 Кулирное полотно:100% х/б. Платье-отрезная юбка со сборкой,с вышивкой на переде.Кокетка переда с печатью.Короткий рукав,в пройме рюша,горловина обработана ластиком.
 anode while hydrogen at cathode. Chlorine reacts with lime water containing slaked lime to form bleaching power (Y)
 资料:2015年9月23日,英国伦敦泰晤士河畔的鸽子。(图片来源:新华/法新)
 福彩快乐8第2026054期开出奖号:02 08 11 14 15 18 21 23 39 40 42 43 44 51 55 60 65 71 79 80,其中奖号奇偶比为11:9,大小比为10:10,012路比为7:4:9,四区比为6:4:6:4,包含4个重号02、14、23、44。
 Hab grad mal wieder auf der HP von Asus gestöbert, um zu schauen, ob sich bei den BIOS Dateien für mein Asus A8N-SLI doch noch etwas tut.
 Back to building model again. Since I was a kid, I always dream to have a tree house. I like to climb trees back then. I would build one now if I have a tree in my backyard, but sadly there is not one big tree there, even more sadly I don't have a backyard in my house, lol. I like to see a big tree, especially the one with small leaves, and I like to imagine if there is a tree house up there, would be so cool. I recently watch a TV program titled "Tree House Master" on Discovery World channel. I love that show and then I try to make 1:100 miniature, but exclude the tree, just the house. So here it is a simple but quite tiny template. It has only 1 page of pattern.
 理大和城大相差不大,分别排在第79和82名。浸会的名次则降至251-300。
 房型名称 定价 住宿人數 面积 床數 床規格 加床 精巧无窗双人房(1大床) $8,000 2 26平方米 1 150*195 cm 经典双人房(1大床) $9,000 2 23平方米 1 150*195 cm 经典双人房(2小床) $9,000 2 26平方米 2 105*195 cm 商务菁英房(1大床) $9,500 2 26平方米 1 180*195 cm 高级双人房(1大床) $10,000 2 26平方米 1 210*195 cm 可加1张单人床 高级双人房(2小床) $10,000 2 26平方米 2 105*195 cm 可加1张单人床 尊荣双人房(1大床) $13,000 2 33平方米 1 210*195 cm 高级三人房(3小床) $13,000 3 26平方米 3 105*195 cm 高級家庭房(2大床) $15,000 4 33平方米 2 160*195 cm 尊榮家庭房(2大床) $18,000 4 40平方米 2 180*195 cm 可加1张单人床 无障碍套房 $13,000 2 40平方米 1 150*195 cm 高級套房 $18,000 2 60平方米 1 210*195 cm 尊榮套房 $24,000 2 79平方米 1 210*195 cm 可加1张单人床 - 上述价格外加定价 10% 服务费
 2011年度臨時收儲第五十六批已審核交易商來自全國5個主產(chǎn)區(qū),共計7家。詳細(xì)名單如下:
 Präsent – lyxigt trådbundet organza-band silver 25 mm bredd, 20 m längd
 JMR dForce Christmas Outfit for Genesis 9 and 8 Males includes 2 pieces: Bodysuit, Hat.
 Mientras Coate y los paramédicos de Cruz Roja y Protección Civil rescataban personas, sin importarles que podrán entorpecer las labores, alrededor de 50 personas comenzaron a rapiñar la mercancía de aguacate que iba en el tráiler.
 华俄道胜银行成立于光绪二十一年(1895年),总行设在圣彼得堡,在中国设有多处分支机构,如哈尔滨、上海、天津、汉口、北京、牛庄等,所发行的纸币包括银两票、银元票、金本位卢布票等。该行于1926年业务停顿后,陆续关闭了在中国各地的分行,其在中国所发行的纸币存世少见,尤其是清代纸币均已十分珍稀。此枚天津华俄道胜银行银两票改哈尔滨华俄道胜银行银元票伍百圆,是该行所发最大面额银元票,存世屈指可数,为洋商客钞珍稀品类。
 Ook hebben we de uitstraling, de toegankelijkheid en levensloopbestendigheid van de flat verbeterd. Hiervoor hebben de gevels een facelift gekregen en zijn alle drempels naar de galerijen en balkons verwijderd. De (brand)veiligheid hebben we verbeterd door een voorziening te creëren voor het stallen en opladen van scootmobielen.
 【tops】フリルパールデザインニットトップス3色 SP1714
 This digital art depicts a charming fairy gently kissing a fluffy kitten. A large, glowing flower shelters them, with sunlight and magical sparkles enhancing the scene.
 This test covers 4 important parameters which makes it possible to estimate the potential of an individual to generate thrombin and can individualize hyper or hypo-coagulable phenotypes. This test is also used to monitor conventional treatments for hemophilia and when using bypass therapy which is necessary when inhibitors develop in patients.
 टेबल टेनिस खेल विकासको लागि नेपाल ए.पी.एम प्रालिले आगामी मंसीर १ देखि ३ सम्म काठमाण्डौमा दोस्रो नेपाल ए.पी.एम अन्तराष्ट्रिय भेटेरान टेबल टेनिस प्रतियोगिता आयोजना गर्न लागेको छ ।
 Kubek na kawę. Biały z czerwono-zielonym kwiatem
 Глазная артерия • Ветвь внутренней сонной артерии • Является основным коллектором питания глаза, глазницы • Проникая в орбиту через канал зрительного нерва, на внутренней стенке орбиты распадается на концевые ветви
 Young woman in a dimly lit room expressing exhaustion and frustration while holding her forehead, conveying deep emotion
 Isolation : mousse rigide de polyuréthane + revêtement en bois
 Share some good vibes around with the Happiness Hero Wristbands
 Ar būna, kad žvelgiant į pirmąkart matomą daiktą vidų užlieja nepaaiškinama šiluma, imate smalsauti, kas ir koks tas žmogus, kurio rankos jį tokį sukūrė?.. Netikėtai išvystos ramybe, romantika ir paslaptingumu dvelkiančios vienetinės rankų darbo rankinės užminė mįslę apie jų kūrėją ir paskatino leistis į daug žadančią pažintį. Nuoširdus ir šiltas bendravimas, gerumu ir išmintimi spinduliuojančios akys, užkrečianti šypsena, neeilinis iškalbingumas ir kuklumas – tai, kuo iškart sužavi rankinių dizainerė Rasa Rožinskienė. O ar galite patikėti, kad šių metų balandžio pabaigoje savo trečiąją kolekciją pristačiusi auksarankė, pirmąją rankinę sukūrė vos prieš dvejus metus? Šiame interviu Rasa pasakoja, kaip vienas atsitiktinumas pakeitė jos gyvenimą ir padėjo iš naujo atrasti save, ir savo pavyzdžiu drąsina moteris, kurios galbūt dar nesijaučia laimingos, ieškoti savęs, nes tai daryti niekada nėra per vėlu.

## About this exercise
Which lines above run from the one containing "2011年度臨時收儲第五十六" to the one containing "Глазная артерия •"? Give them again exactly, both ends included.

## Solution for this problem
 2011年度臨時收儲第五十六批已審核交易商來自全國5個主產(chǎn)區(qū),共計7家。詳細(xì)名單如下:
 Präsent – lyxigt trådbundet organza-band silver 25 mm bredd, 20 m längd
 JMR dForce Christmas Outfit for Genesis 9 and 8 Males includes 2 pieces: Bodysuit, Hat.
 Mientras Coate y los paramédicos de Cruz Roja y Protección Civil rescataban personas, sin importarles que podrán entorpecer las labores, alrededor de 50 personas comenzaron a rapiñar la mercancía de aguacate que iba en el tráiler.
 华俄道胜银行成立于光绪二十一年(1895年),总行设在圣彼得堡,在中国设有多处分支机构,如哈尔滨、上海、天津、汉口、北京、牛庄等,所发行的纸币包括银两票、银元票、金本位卢布票等。该行于1926年业务停顿后,陆续关闭了在中国各地的分行,其在中国所发行的纸币存世少见,尤其是清代纸币均已十分珍稀。此枚天津华俄道胜银行银两票改哈尔滨华俄道胜银行银元票伍百圆,是该行所发最大面额银元票,存世屈指可数,为洋商客钞珍稀品类。
 Ook hebben we de uitstraling, de toegankelijkheid en levensloopbestendigheid van de flat verbeterd. Hiervoor hebben de gevels een facelift gekregen en zijn alle drempels naar de galerijen en balkons verwijderd. De (brand)veiligheid hebben we verbeterd door een voorziening te creëren voor het stallen en opladen van scootmobielen.
 【tops】フリルパールデザインニットトップス3色 SP1714
 This digital art depicts a charming fairy gently kissing a fluffy kitten. A large, glowing flower shelters them, with sunlight and magical sparkles enhancing the scene.
 This test covers 4 important parameters which makes it possible to estimate the potential of an individual to generate thrombin and can individualize hyper or hypo-coagulable phenotypes. This test is also used to monitor conventional treatments for hemophilia and when using bypass therapy which is necessary when inhibitors develop in patients.
 टेबल टेनिस खेल विकासको लागि नेपाल ए.पी.एम प्रालिले आगामी मंसीर १ देखि ३ सम्म काठमाण्डौमा दोस्रो नेपाल ए.पी.एम अन्तराष्ट्रिय भेटेरान टेबल टेनिस प्रतियोगिता आयोजना गर्न लागेको छ ।
 Kubek na kawę. Biały z czerwono-zielonym kwiatem
 Глазная артерия • Ветвь внутренней сонной артерии • Является основным коллектором питания глаза, глазницы • Проникая в орбиту через канал зрительного нерва, на внутренней стенке орбиты распадается на концевые ветви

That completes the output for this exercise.